> **TASK PROMPT**
Leaving out every picture, quote the data below exactly as it appears.

** Opening DATA SECTION block **

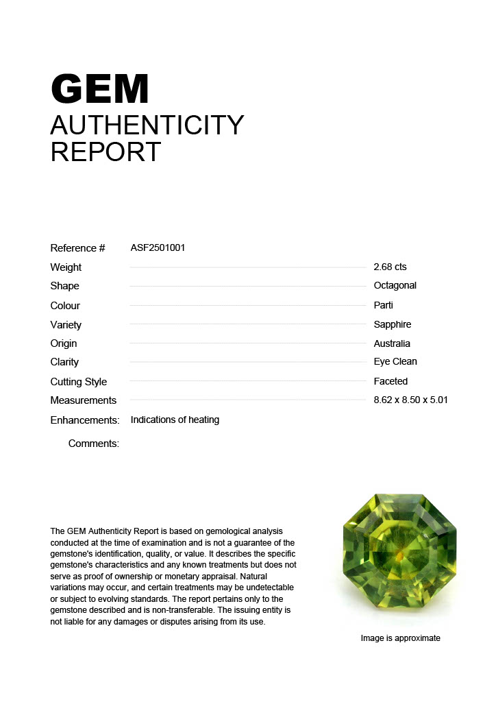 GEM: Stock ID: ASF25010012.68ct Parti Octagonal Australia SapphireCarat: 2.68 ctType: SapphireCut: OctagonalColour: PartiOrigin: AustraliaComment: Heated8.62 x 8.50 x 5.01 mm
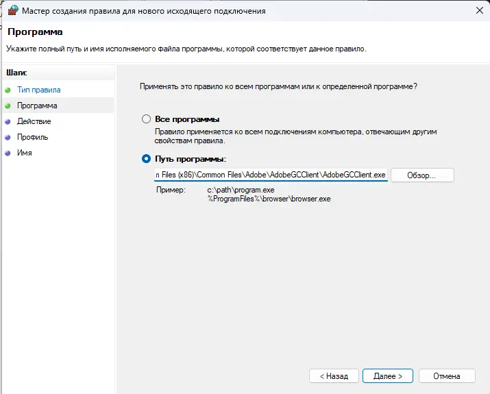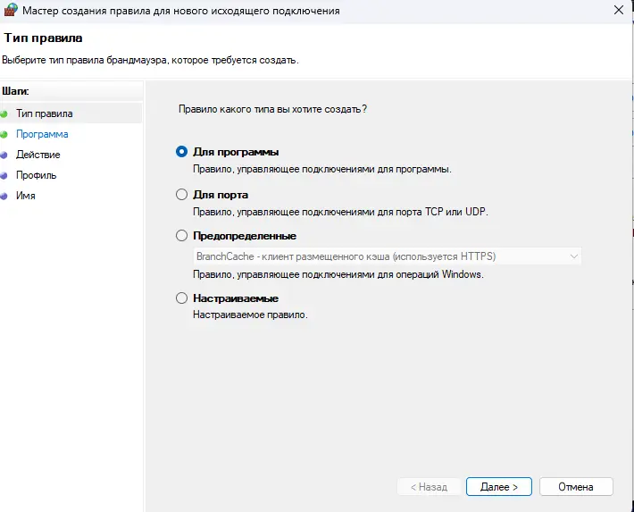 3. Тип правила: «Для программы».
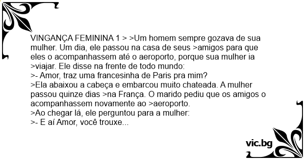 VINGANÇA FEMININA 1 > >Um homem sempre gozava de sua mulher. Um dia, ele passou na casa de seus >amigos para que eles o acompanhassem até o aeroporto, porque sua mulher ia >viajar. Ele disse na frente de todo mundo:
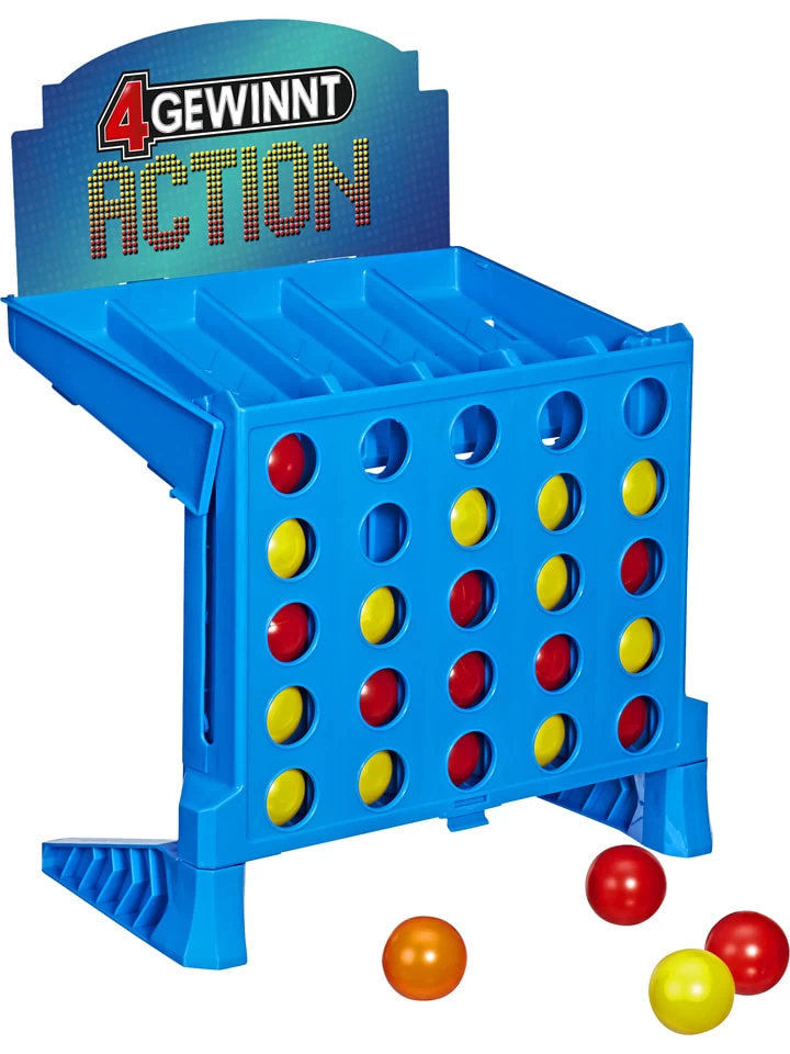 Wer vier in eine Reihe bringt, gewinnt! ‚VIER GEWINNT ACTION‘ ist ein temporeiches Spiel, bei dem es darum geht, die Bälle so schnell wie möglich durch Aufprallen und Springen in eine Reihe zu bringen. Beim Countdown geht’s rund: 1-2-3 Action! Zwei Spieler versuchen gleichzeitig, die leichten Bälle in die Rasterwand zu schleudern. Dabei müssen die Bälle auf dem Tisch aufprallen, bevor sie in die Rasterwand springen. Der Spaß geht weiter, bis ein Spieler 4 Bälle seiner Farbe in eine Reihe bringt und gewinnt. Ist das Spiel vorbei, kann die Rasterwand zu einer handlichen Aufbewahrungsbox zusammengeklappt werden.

** Closing DATA SECTION block **

> **ANSWER FOR THE TASK**
 GEM: Stock ID: ASF25010012.68ct Parti Octagonal Australia SapphireCarat: 2.68 ctType: SapphireCut: OctagonalColour: PartiOrigin: AustraliaComment: Heated8.62 x 8.50 x 5.01 mm
 3. Тип правила: «Для программы».
 VINGANÇA FEMININA 1 > >Um homem sempre gozava de sua mulher. Um dia, ele passou na casa de seus >amigos para que eles o acompanhassem até o aeroporto, porque sua mulher ia >viajar. Ele disse na frente de todo mundo:
 Wer vier in eine Reihe bringt, gewinnt! ‚VIER GEWINNT ACTION‘ ist ein temporeiches Spiel, bei dem es darum geht, die Bälle so schnell wie möglich durch Aufprallen und Springen in eine Reihe zu bringen. Beim Countdown geht’s rund: 1-2-3 Action! Zwei Spieler versuchen gleichzeitig, die leichten Bälle in die Rasterwand zu schleudern. Dabei müssen die Bälle auf dem Tisch aufprallen, bevor sie in die Rasterwand springen. Der Spaß geht weiter, bis ein Spieler 4 Bälle seiner Farbe in eine Reihe bringt und gewinnt. Ist das Spiel vorbei, kann die Rasterwand zu einer handlichen Aufbewahrungsbox zusammengeklappt werden.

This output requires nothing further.